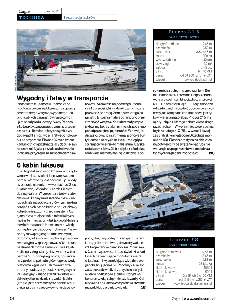 Żagle lipiec 2015 TECHNIK A Prezentacja jachtów P h o b o s 24.5 da n e t ec h n ic z n e MAT. FIRMOWE (2) długość kadłuba 7,45 m szerokość 2,52 m zanurzenie 0,33/1,43 m masa 1900 kg wys. w kabinie 182 cm pow. żagli 30 m2 załoga 6 – 8 os. silnik 5 – 10 KM cena od 54 900 tys. zł + VAT więcej: www.dalpolyacht.pl Wygodny i łatwy w transporcie Protoplasta tej jednostki Phobos 25 odniósł duży sukces na Mazurach za sprawą przestronnego wnętrza, wygodnego kokpitu i dobrych parametrów nautycznych i jest nadal produkowany. Nowy Phobos 24.5 to jakby zwężona jego wersja, przeznaczona dla klientów, którzy chcą mieć wygodny jacht z możliwością łatwego holowania na przyczepie. Phobos 25 ma bowiem kadłub o 31 cm przekraczający dopuszczalną szerokość, jaka pozwala na holowanie jachtu na przyczepie za samochodem oso- bowym. Szerokość najnowszego Phobosa 24.5 wynosi 2,52 m, dzięki czemu można przewozić go drogą. Zmniejszenie tego parametru tylko minimalnie ograniczyło przestronność wnętrza. Kadłub został przeprojektowany tak, by jak najmniej utracić z jego ponadprzeciętnej pojemności. W nowej łodzi zastosowano m.in. niemal pionowe burty i łamane poszycie na rufie – zabiegi poszerzające wnętrze do maksimum. Uzyskano tak samo jak w 25-tce pięć do ośmiu koi, zamykaną niemałą kabinę toaletową, spo- ry kambuz z pełnym wyposażeniem. Środek Phobosa 24.5 stocznia Dalpol zabudowuje w dwóch kombinacjach: czarterowej 6 + 2 lub armatorskiej 5 + 1. Koja dziobowa w każdej z nich może być odseparowana od mesy, ale zamykana kabina rufowa jest tylko w wersji armatorskiej. Phobos 24.5 ma spory kokpit, z którego dobrze widać drogę przed jachtem. W wersji mieczowej spełnia kryteria kategorii C (6B), w wersji kilowej zaś z falszkilem kategorię B (żegluga morska do 8B). Pierwsze testy na wodzie wiosną potwierdziły, że zwężenie kadłuba nie wpłynęło na pogorszenie własności nautycznych względem Phobosa 25. (dż) 6 kabin luksusu Opis tego luksusowego katamaranu żaglowego warto zacząć od jego wnętrza. Leopard 58 oferowany jest bowiem – jako jedyny obecnie na rynku – w wersjach od 2- do 6-kabinowej. W dodatku każda z indywidualną toaletą! W Leopardzie te dwie „dodatkowe” kabiny umieszczono nie w kadłubach, ale na pokładzie głównym i można przejść z nich bezpośrednio na... dziobowy kokpit umieszczony przed masztem. Opcjonalnie w miejsce kabin mieszkalnych można tu mieć salon – tak jak projektuje się to w katamaranach innych marek, wtedy pomiędzy tym dziobowym „tarasem” a wypoczynkową częścią na rufie tworzy się ogromna, luksusowo urządzona przestrzeń rekreacyjno-wypoczynkowa. W kadłubach na dziobach można zamówić dwie kajutki dla np. załogi stałej. Na zewnątrz w Leopardzie 58 imponuje ogromna, opuszczana z poziomu pokładu głównego do wody platforma kąpielowa, jak również przestronny i zadaszony mostek nawigacyjno-rekreacyjny. Z niego sternik świetnie widzi wszystko, co dzieje się wokół jachtu (i żagle, przez przezroczyste panele w suficie), a załoga ma przewiewne miejsce wy- 34 poczynku, z wygodnymi kanapami, leżankami, grillem, lodówką, zlewozmywakiem itd. Projektanci – biuro stoczni Robertson & Caine – wprowadzili duże świetliki w kadłubach, zapewniające mnóstwo światła w kabinach i wysmuklające wizualnie elegancką linię jednostki. Podobny cel miało zastosowanie wielkich, przyciemnianych okien w nadbudówce, dzięki którym katamaran wydaje się mniejszy i zwarty. Od niedawna południowoafrykańska stocznia ma polskiego przedstawiciela. (dż) L e o pa r d 58 da n e t ec h n ic z n e długość całkowita 17,56 m szerokość 8,45 m zanurzenie 1,83 m masa 28 tys. kg zbiornik wody 1560 l zbiornik paliwa 900 l silniki 2 x 75 lub 2 x 100 KM cena od 1219 tys. USD + VAT więcej: www.leopardcatamarans.pl Żagle | www.zagle.com.pl
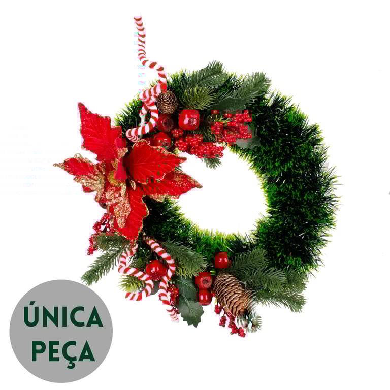 GUIRLANDA NATAL 38 CM FLOR VELUDO COM PINHAS E ROMÃS
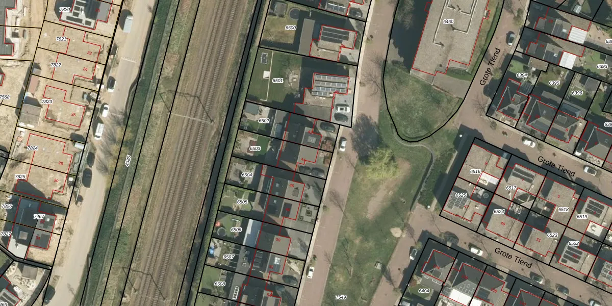 Grote Tiend 44 is gelegen op kadastraal perceel ECH00K6503. Deze kadastrale aanduiding is uniek en wordt gebruikt door het Kadaster om eigendomsrechten en andere zakelijke rechten vast te leggen. Het perceel maakt onderdeel uit van de kadastrale gemeente Echt.

####

● **TASK DETAILS**
Retype the listing above exactly. Pictures are not part of the copy.

● **OUTPUT FOR THIS TASK**
 Żagle lipiec 2015 TECHNIK A Prezentacja jachtów P h o b o s 24.5 da n e t ec h n ic z n e MAT. FIRMOWE (2) długość kadłuba 7,45 m szerokość 2,52 m zanurzenie 0,33/1,43 m masa 1900 kg wys. w kabinie 182 cm pow. żagli 30 m2 załoga 6 – 8 os. silnik 5 – 10 KM cena od 54 900 tys. zł + VAT więcej: www.dalpolyacht.pl Wygodny i łatwy w transporcie Protoplasta tej jednostki Phobos 25 odniósł duży sukces na Mazurach za sprawą przestronnego wnętrza, wygodnego kokpitu i dobrych parametrów nautycznych i jest nadal produkowany. Nowy Phobos 24.5 to jakby zwężona jego wersja, przeznaczona dla klientów, którzy chcą mieć wygodny jacht z możliwością łatwego holowania na przyczepie. Phobos 25 ma bowiem kadłub o 31 cm przekraczający dopuszczalną szerokość, jaka pozwala na holowanie jachtu na przyczepie za samochodem oso- bowym. Szerokość najnowszego Phobosa 24.5 wynosi 2,52 m, dzięki czemu można przewozić go drogą. Zmniejszenie tego parametru tylko minimalnie ograniczyło przestronność wnętrza. Kadłub został przeprojektowany tak, by jak najmniej utracić z jego ponadprzeciętnej pojemności. W nowej łodzi zastosowano m.in. niemal pionowe burty i łamane poszycie na rufie – zabiegi poszerzające wnętrze do maksimum. Uzyskano tak samo jak w 25-tce pięć do ośmiu koi, zamykaną niemałą kabinę toaletową, spo- ry kambuz z pełnym wyposażeniem. Środek Phobosa 24.5 stocznia Dalpol zabudowuje w dwóch kombinacjach: czarterowej 6 + 2 lub armatorskiej 5 + 1. Koja dziobowa w każdej z nich może być odseparowana od mesy, ale zamykana kabina rufowa jest tylko w wersji armatorskiej. Phobos 24.5 ma spory kokpit, z którego dobrze widać drogę przed jachtem. W wersji mieczowej spełnia kryteria kategorii C (6B), w wersji kilowej zaś z falszkilem kategorię B (żegluga morska do 8B). Pierwsze testy na wodzie wiosną potwierdziły, że zwężenie kadłuba nie wpłynęło na pogorszenie własności nautycznych względem Phobosa 25. (dż) 6 kabin luksusu Opis tego luksusowego katamaranu żaglowego warto zacząć od jego wnętrza. Leopard 58 oferowany jest bowiem – jako jedyny obecnie na rynku – w wersjach od 2- do 6-kabinowej. W dodatku każda z indywidualną toaletą! W Leopardzie te dwie „dodatkowe” kabiny umieszczono nie w kadłubach, ale na pokładzie głównym i można przejść z nich bezpośrednio na... dziobowy kokpit umieszczony przed masztem. Opcjonalnie w miejsce kabin mieszkalnych można tu mieć salon – tak jak projektuje się to w katamaranach innych marek, wtedy pomiędzy tym dziobowym „tarasem” a wypoczynkową częścią na rufie tworzy się ogromna, luksusowo urządzona przestrzeń rekreacyjno-wypoczynkowa. W kadłubach na dziobach można zamówić dwie kajutki dla np. załogi stałej. Na zewnątrz w Leopardzie 58 imponuje ogromna, opuszczana z poziomu pokładu głównego do wody platforma kąpielowa, jak również przestronny i zadaszony mostek nawigacyjno-rekreacyjny. Z niego sternik świetnie widzi wszystko, co dzieje się wokół jachtu (i żagle, przez przezroczyste panele w suficie), a załoga ma przewiewne miejsce wy- 34 poczynku, z wygodnymi kanapami, leżankami, grillem, lodówką, zlewozmywakiem itd. Projektanci – biuro stoczni Robertson & Caine – wprowadzili duże świetliki w kadłubach, zapewniające mnóstwo światła w kabinach i wysmuklające wizualnie elegancką linię jednostki. Podobny cel miało zastosowanie wielkich, przyciemnianych okien w nadbudówce, dzięki którym katamaran wydaje się mniejszy i zwarty. Od niedawna południowoafrykańska stocznia ma polskiego przedstawiciela. (dż) L e o pa r d 58 da n e t ec h n ic z n e długość całkowita 17,56 m szerokość 8,45 m zanurzenie 1,83 m masa 28 tys. kg zbiornik wody 1560 l zbiornik paliwa 900 l silniki 2 x 75 lub 2 x 100 KM cena od 1219 tys. USD + VAT więcej: www.leopardcatamarans.pl Żagle | www.zagle.com.pl
 GUIRLANDA NATAL 38 CM FLOR VELUDO COM PINHAS E ROMÃS
 Grote Tiend 44 is gelegen op kadastraal perceel ECH00K6503. Deze kadastrale aanduiding is uniek en wordt gebruikt door het Kadaster om eigendomsrechten en andere zakelijke rechten vast te leggen. Het perceel maakt onderdeel uit van de kadastrale gemeente Echt.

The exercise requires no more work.